Protease nexin‐1: A cellular serpin down‐regulated by thrombin in rat aortic smooth muscle cells

Protease nexin‐1 (PN‐1), a potent inhibitor of serine proteases, is present in vascular cells and forms complexes with thrombin, plasminogen activators, and plasmin. We examined the effect of thrombin on PN‐1 expression by rat aortic smooth muscle cells (RASMCs). PN‐1 expression was determined by measuring protein and mRNA levels, using respectively immunoblotting and semi‐quantitative reverse transcriptase polymerase chain reaction (PCR).
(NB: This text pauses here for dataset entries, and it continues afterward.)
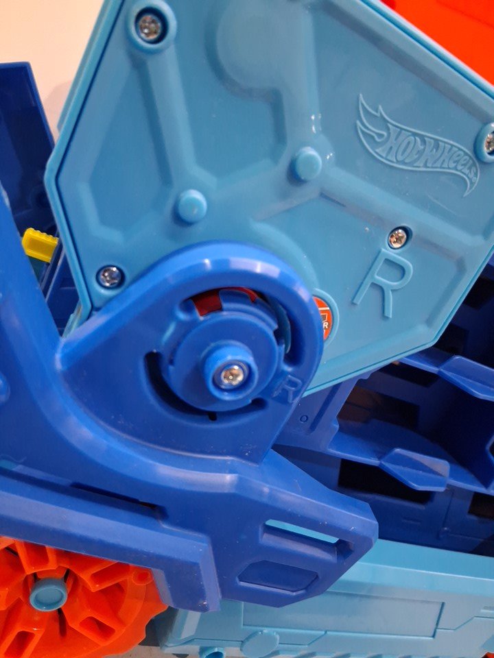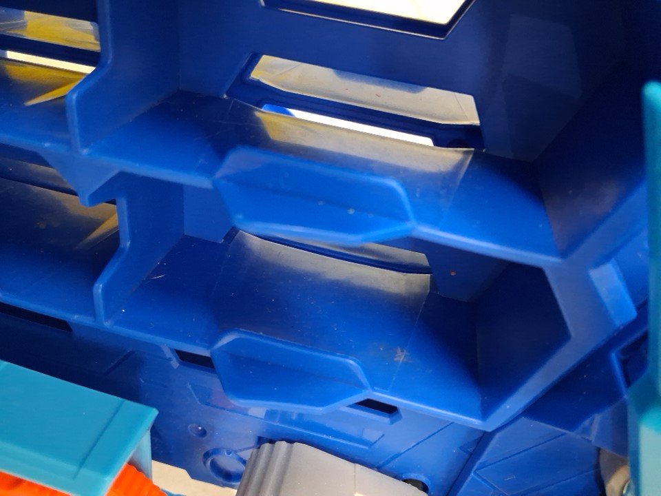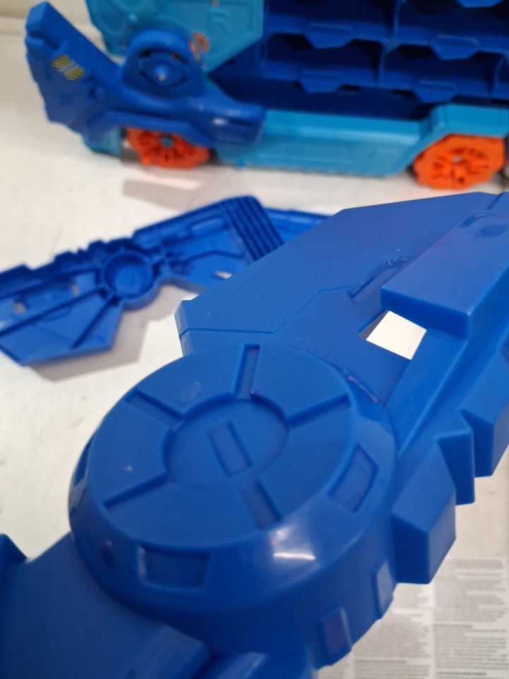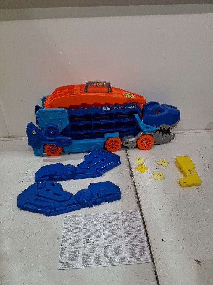item has various minor scratches around body and moving parts from previous light use item is supposed to come with 2 toy cars, they are not in box.
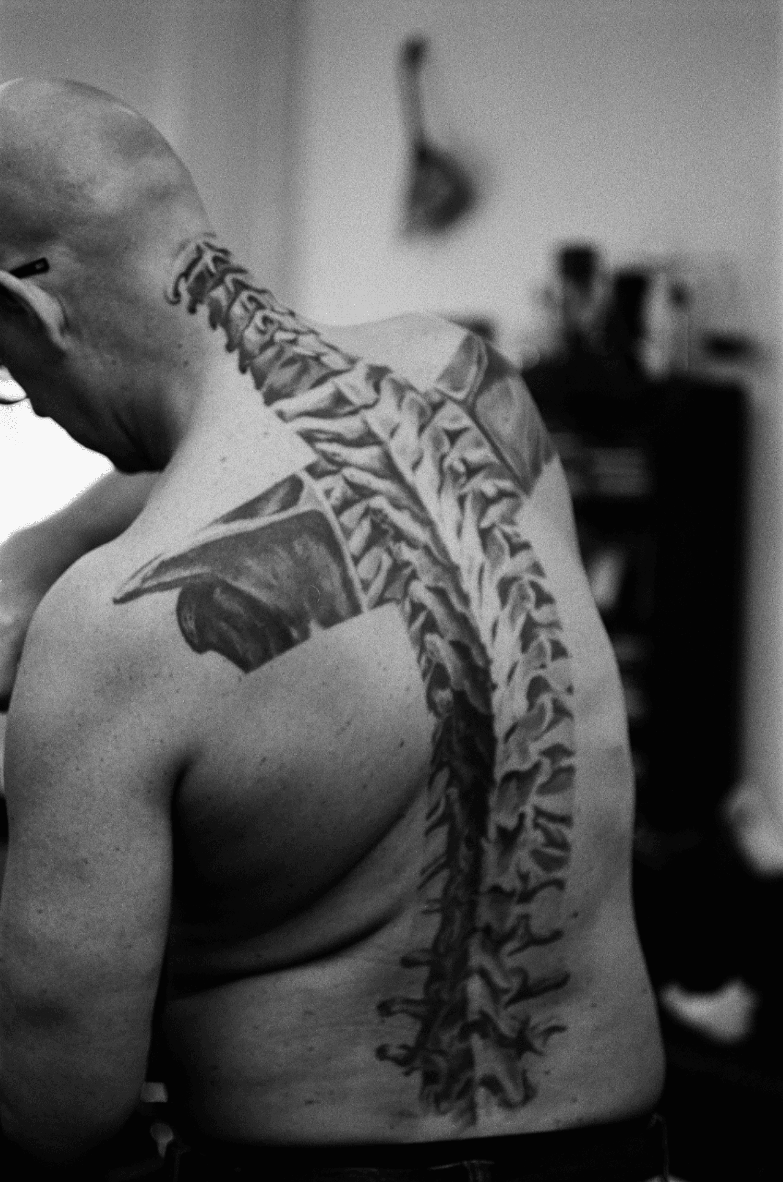 A large black and gray tattoo extending from the neck down the spine, depicting a detailed, almost grotesque, skeletal or biomechanical spinal column. The design emphasizes texture and a dark, gritty aesthetic, appearing as if the spine is exposed or augmented.
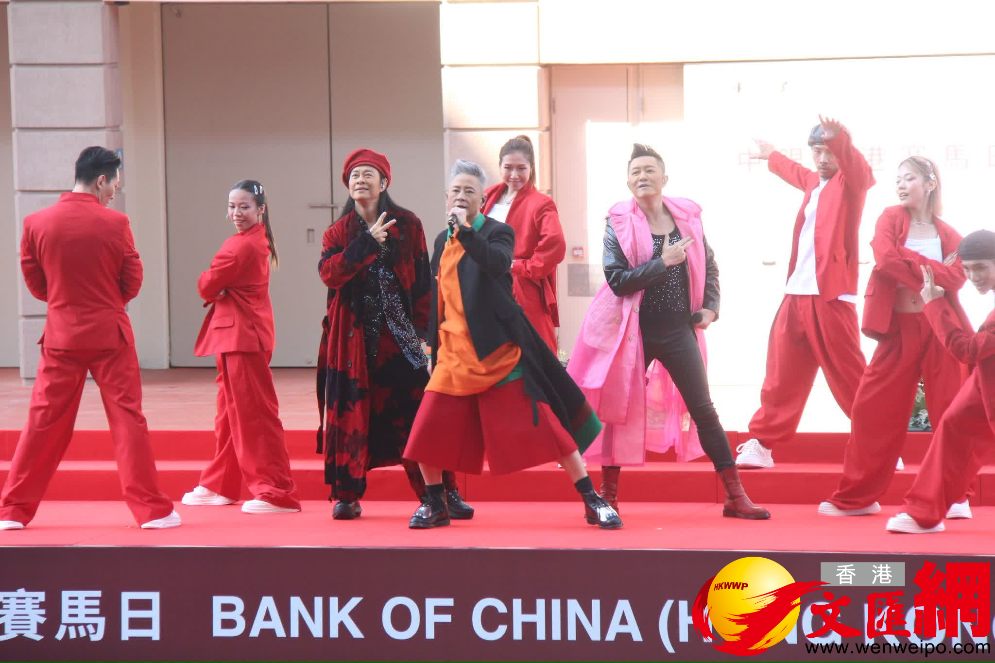 香港文匯報訊(記者 達里)草蜢、陳慧嫻與陳凱詠今日為賽馬日活動擔任表演嘉賓,而陳豪與唐詩詠則提供咖啡和麵包供賓客享用。草蜢與陳凱詠在開賽前於沙圈載歌載舞,大受馬迷歡迎。
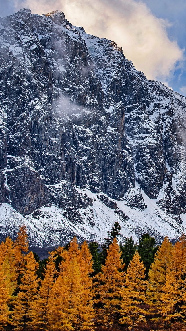 Edytor tapety: Pożółkłe drzewa na tle góry
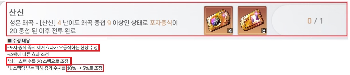 글상세제보/건의사항 산신 업적 클리어 난이도 조정 건의 드립니다 [1] 강규희 2026-03-01 20:17 2026-03-02 05:17 (+09:00) view count 58 MY홈 보기 작성글 보기 신고하기 공유하기 시즌2가 업데이트 된 이후 포자 증식 성능 조정패치가 크게 있었는데요 1. 패치 이전 포자 증식 효과를 다단히트 스킬로 공격 시 다단히트 끝까지 데미지 증가가 적용되던게 이제 첫타만 적용되게 바뀌면서 극소수의 캐릭터 이외에는 포자 효과를 받을수 없는 상태가 됨 2. 스택 최대치가 생김 3.받는 피해 증가 수치가 반토막남하지만 산신 업적 클리어 조건은 그대로라는 겁니다그래서 포자 증식 성능 조정 패치 이전에는 적당한 난이도였는데, 지금은 클리어 난이도가 정말로 상당히 높아요어느정도 조정해주시는게 좋아보여서 건의 드립니다 댓글 1 alarm 알림이 해제되었습니다. 최신순 최신순 등록순 추천순 댓글을 입력하려면 로그인 해주세요. 70128707 2026-03-02 14:27 2026-03-02 23:27 (+09:00) MY홈 보기 작성글 보기 신고하기 진짜 필요합니다 이거 때문에 모든 업적 보상클리어 보상(찬란한 업화의씨앗)을 못받습니다 확인 취소 확인
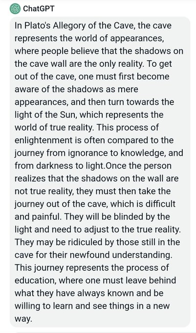 Plato's Allegory of the Cave (ChatGPT) https://t.c

Thrombin down‐regulated PN‐1 expression in a dose‐ and time‐dependent manner. This effect was mediated via the interaction of thrombin with its receptor protease activated receptor (PAR‐1) since the peptide thrombin receptor activating peptide (TRAP) reduced PN‐1 expression. PN‐1 secreted by smooth muscle cells remained essentially associated to cell‐surface glycosaminoglycans and was released from the cell surface by heparin. A lower amount of PN‐1 was released by heparin from TRAP‐stimulated versus unstimulated cells and correlated with a decreased capacity to inhibit thrombin. In addition, the ability to generate peri‐cellular plasmin was increased in cells with a low PN‐1 expression. Pre‐treatment of smooth muscle cells with cycloheximide abolished the reduction of PN‐1 expression by thrombin. Furthermore, conditioned media from thrombin‐treated cells reproduced the effect of thrombin, suggesting that thrombin acted via the induction of auto/paracrine mediator(s). We observed that fibroblast growth factor‐2 (FGF‐2)‐neutralizing antibodies abolished thrombin effect whereas FGF‐2 reproduced it, indicating that FGF‐2 is one of the involved mediator. Together, these results indicate that (i) PN‐1 modulates the activity of endogenous and exogenous serine proteases in RASMCs, (ii) thrombin down‐regulates PN‐1 expression and thus may increase its own activity on cells. J. Cell. Physiol. 201: 138–145, 2004. © 2004 Wiley‐Liss, Inc.